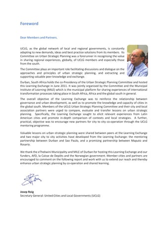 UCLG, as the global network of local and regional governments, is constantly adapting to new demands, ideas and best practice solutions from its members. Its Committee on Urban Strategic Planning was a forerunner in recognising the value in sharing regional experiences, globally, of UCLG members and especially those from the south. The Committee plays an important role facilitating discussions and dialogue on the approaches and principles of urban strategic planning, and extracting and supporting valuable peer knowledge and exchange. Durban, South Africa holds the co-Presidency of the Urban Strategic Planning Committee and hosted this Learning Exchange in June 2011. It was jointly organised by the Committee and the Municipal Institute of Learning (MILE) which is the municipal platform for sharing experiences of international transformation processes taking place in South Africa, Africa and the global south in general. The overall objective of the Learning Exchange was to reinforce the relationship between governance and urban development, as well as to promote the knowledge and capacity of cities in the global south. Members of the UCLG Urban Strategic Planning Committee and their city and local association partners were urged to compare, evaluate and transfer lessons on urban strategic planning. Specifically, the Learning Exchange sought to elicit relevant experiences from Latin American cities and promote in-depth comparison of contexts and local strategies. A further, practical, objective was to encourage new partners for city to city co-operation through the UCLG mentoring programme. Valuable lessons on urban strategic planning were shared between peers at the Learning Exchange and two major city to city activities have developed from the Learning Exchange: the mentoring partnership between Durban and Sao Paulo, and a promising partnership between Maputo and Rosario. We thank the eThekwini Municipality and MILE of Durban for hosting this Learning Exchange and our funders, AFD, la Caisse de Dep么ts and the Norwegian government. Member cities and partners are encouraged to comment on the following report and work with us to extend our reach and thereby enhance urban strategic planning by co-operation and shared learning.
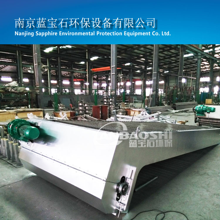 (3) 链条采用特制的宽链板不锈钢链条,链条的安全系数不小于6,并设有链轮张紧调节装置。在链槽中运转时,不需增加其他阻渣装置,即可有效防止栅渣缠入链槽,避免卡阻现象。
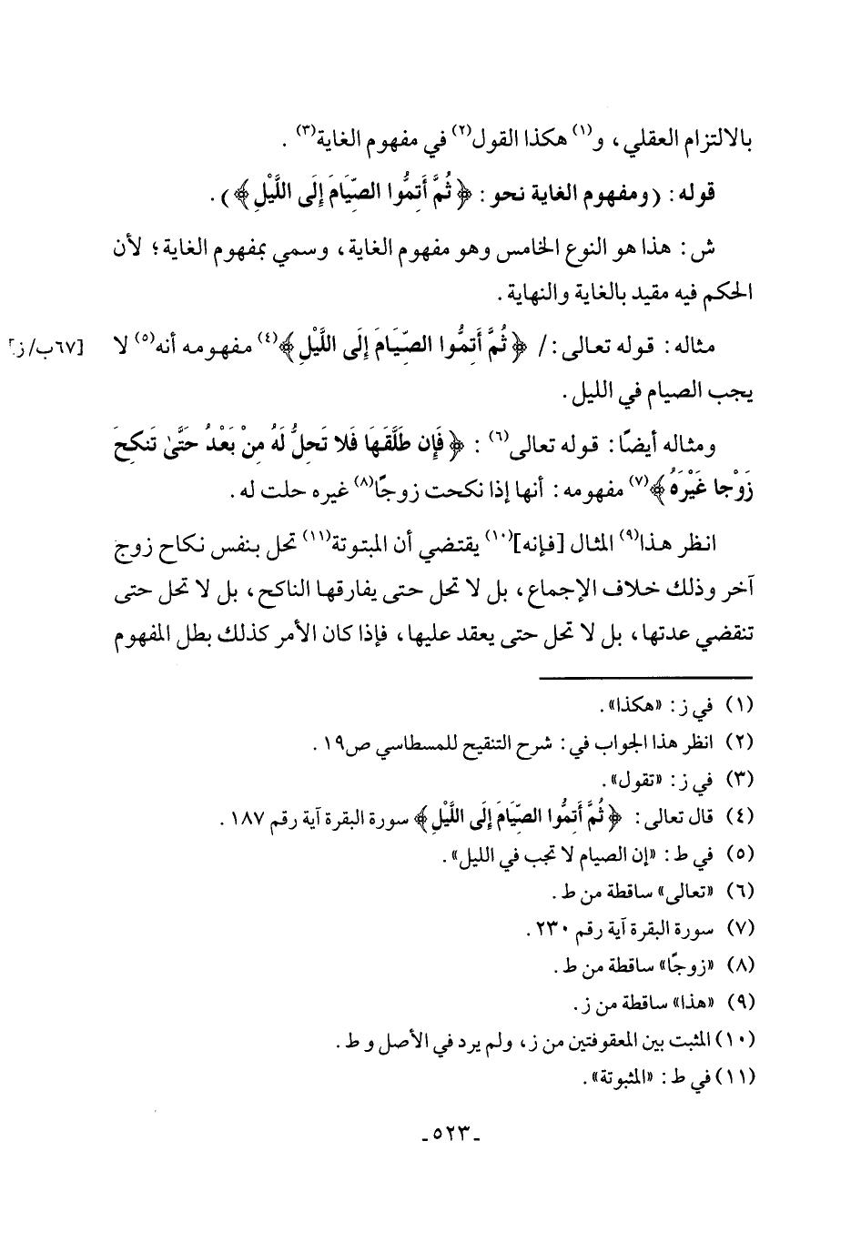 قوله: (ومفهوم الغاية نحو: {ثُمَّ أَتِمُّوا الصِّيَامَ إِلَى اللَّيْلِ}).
★ ★ ★ ★ ★ ★ ★
:: GOAL OF THE EXERCISE ::
For this exercise, transcribe the data exactly but without its pictures.

:: YOUR RESPONSE ::
 UCLG, as the global network of local and regional governments, is constantly adapting to new demands, ideas and best practice solutions from its members. Its Committee on Urban Strategic Planning was a forerunner in recognising the value in sharing regional experiences, globally, of UCLG members and especially those from the south. The Committee plays an important role facilitating discussions and dialogue on the approaches and principles of urban strategic planning, and extracting and supporting valuable peer knowledge and exchange. Durban, South Africa holds the co-Presidency of the Urban Strategic Planning Committee and hosted this Learning Exchange in June 2011. It was jointly organised by the Committee and the Municipal Institute of Learning (MILE) which is the municipal platform for sharing experiences of international transformation processes taking place in South Africa, Africa and the global south in general. The overall objective of the Learning Exchange was to reinforce the relationship between governance and urban development, as well as to promote the knowledge and capacity of cities in the global south. Members of the UCLG Urban Strategic Planning Committee and their city and local association partners were urged to compare, evaluate and transfer lessons on urban strategic planning. Specifically, the Learning Exchange sought to elicit relevant experiences from Latin American cities and promote in-depth comparison of contexts and local strategies. A further, practical, objective was to encourage new partners for city to city co-operation through the UCLG mentoring programme. Valuable lessons on urban strategic planning were shared between peers at the Learning Exchange and two major city to city activities have developed from the Learning Exchange: the mentoring partnership between Durban and Sao Paulo, and a promising partnership between Maputo and Rosario. We thank the eThekwini Municipality and MILE of Durban for hosting this Learning Exchange and our funders, AFD, la Caisse de Dep么ts and the Norwegian government. Member cities and partners are encouraged to comment on the following report and work with us to extend our reach and thereby enhance urban strategic planning by co-operation and shared learning.
 (3) 链条采用特制的宽链板不锈钢链条,链条的安全系数不小于6,并设有链轮张紧调节装置。在链槽中运转时,不需增加其他阻渣装置,即可有效防止栅渣缠入链槽,避免卡阻现象。
 قوله: (ومفهوم الغاية نحو: {ثُمَّ أَتِمُّوا الصِّيَامَ إِلَى اللَّيْلِ}).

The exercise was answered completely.